MEMPHIS, TN (abc24.com) - A jolly Memphis Zoo staff has confirmed the pregnancy of one of its African elephants. "Gina" is expected to give birth in summer of 2012.
The pregnancy is a result of the Zoo's continued participation in the Association of Zoos and Aquariums' (AZA) plans to grow the captive population of elephants. This plan, known as the Species Survival Plan, outlines the management and development of healthy elephant herds in U.S. zoos.
"An ultrasound showed that the uterus and uterine horns were characteristic of a pregnant cow," said Dr. Andy Kouba, Director of Conservation and Research. "Hormone monitoring of the steroid progesterone, the hormone of pregnancy, shows that Gina is pregnant."
Artificial insemination procedures were performed at the Zoo October 24 and 25, 2010. Elephant gestation is 22 months, so the calf is expected to be born in August 2012. Zoo staff will be closely monitoring Gina and coordinating exercises with her to ensure a healthy pregnancy.

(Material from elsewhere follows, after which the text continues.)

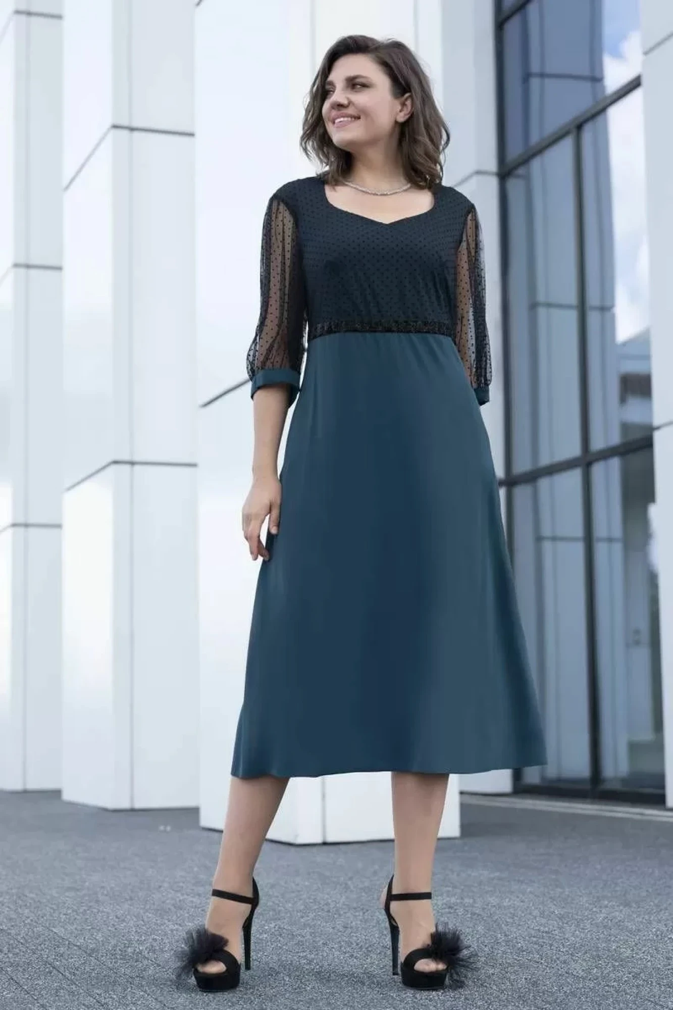 Вечернее платье полуприлегающего силуэта. Застежка на молнию в среднем шве спинки. Ткань костюмно-плательная+декоративная сетка. Ткань немного тянется. В боковых швах удобные карманы.

Gina is 28 years old and shares her exhibit with two other female elephants, "Tyranza," age 47 and "Asali," age 26. The Zoo does not have any males on exhibit. Collections used in the artificial insemination came from bull elephants at the Pittsburgh and Indianapolis zoos. The Zoo plans to conduct DNA tests to determine paternity once the calf is several months old.
"We're, of course, cautiously optimistic," said Matt Thompson, Director of Animal Programs. "This will be Gina's first calf, so it's important that we monitor her progress closely."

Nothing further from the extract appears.